# Problem to solve
Copy out again, unchanged, the listing below from the line that has "Déjese seducir por" through the line that has "Opakowanie zawiera: 60".

# Data for processing
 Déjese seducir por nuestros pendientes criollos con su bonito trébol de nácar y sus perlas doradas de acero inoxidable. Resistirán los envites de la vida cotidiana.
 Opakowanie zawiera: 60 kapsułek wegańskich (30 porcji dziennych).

--

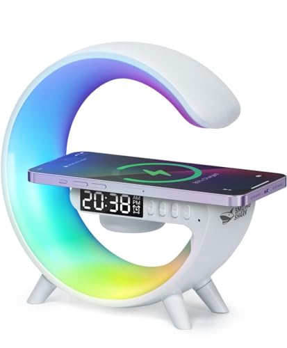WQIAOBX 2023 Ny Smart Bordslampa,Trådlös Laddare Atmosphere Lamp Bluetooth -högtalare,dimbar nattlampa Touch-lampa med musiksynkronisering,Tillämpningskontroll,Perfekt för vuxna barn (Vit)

---

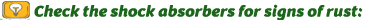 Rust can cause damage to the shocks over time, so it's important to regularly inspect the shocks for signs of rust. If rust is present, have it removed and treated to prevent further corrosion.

# Answer for the task
 Déjese seducir por nuestros pendientes criollos con su bonito trébol de nácar y sus perlas doradas de acero inoxidable. Resistirán los envites de la vida cotidiana.
 Opakowanie zawiera: 60 kapsułek wegańskich (30 porcji dziennych).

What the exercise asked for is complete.